I embarked on the action-packed three-day Ultimate Oktoberfest excursion with Stoke Travel, who promise ‘party travel for the open minded international.’ Open minded, indeed; I soon discovered it’s impossible to spend three days sleeping in a tent at Oktoberfest without committing sins that no priest could absolve:


Oktoberfest without beer is like Romeo without Juliet, Chas without Dave, and Brad without Angelina. Oh, wait.

If you’ve been drinking all day and don’t want to stop when the beer halls close, Stoke Travel has your back with their infamous 10 euro a day all-you-can-drink beer and sangria once you get back to camp, and when they say all you can drink they really mean it. So whether you’re in the grand beer halls themselves, partying on until the morning comes, or simply off to get breakfast, you are never far from that sweet nectar of the gods.


How would you like extra pork with your pork and pork crackling roll? Oktoberfest is not particularly Kosher, and whether you’re tucking into one of the sumptuous pork knuckles with dumplings and gravy or just meandering down the festival avenues tucking into a half metre Bratwurst, you’ll feel justified in ordering such piggy deliciousness. After all, half the enjoyment is just attempting to order the thing: “Kann ich habe eine knusprig gebratene schweinshaxe?”  Good luck!

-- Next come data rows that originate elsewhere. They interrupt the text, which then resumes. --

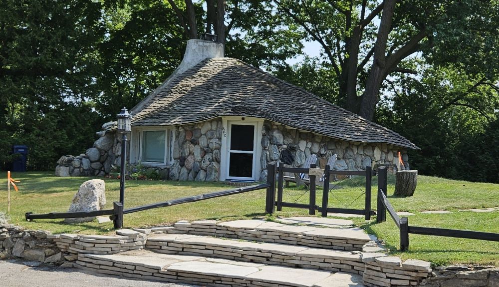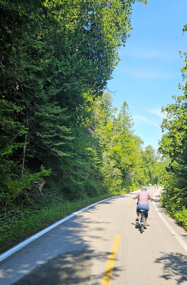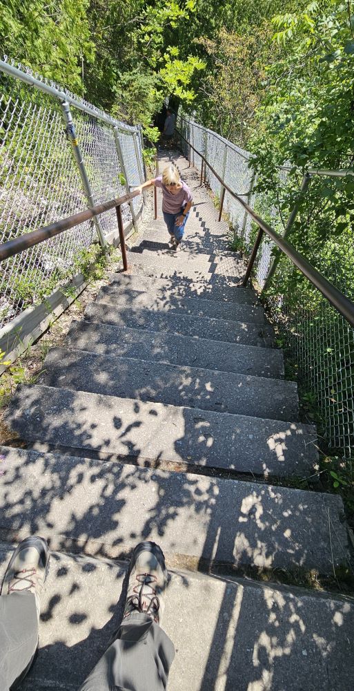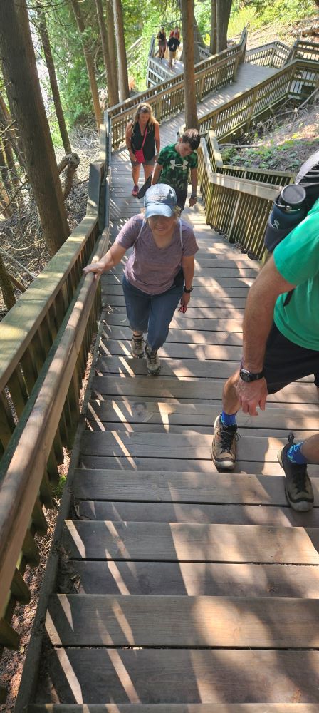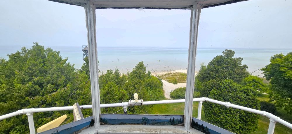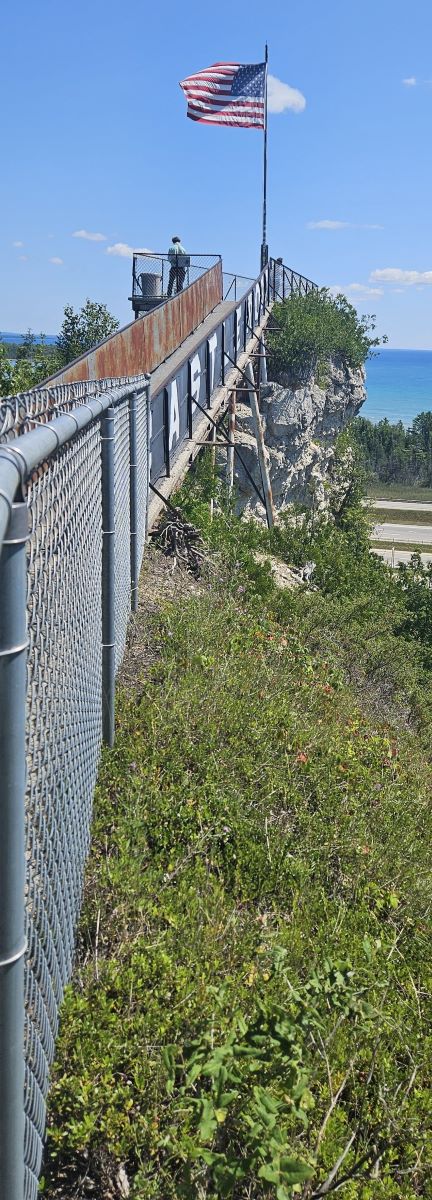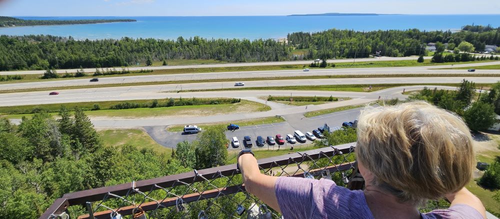Just a few miles later we stopped at Castle Rock. We had been told it was sort of a “road side attraction”. It costs $1 to climb to the top of Castle Rock (171 steps) and from there, you could see for many miles on this beautiful day. It was also a big souvenir shop and no we didn’t buy anything but our ticket to climb the rock. The people were very nice and friendly. We decided we really liked the little town of St. Ignace.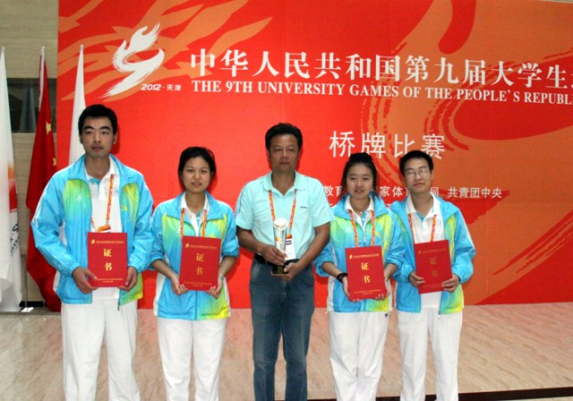 以我校鲁亚会、徐小贞、苗金科、胡华辉及郑州大学、郑州成功财经学院组成的河南大学生桥牌队奔赴天津参加了本届大运会的桥牌比赛。在省教育厅及学校领导的关心支持下,鲁亚会、徐小贞等女队员,经六轮激烈的角逐,勇夺女子团体第六名,实现了河南大学生桥牌队在全国比赛上获得前八名零的突破,为河南省代表团争得了宝贵的六分。队员们在赛场上表现出来的不畏强手,勇于拼搏的精神,充分展现了当代郑州师范学院大学生的精神风貌。也为我校争得了荣誉。
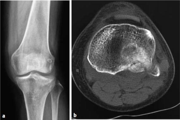内侧胫骨平台骨折形态以「整块移位」居多,关节面的损伤不那么严重(a);外侧胫骨平台骨折更常见,可能伴有关节面的塌陷和粉碎(b)

As you wake up to the alcohol-perfumed interior of your tent, the usual ‘questionable life decisions’ will pop into your head: “Why did I think sangria beer pong was a good idea?” “Why was I persuaded to drink from my own shoe by the Stoke Travel bartender?”

Then you remember it’s 9.30am; time for breakfast and a morning beer. You’ve earned it.


Why more Victoria Secret models aren’t wearing drindls is completely beyond me. Traditional folk clothing might not always be the sexiest, but after seeing how well the drindl can be pulled off (not to mention the mighty lederhosen!) I’m beginning to think it might be a good time to dust off my trusty Jacobean ruff and codpiece.


Technically this one is for your friends. After all, who doesn’t like to inspire a little envy once in a while?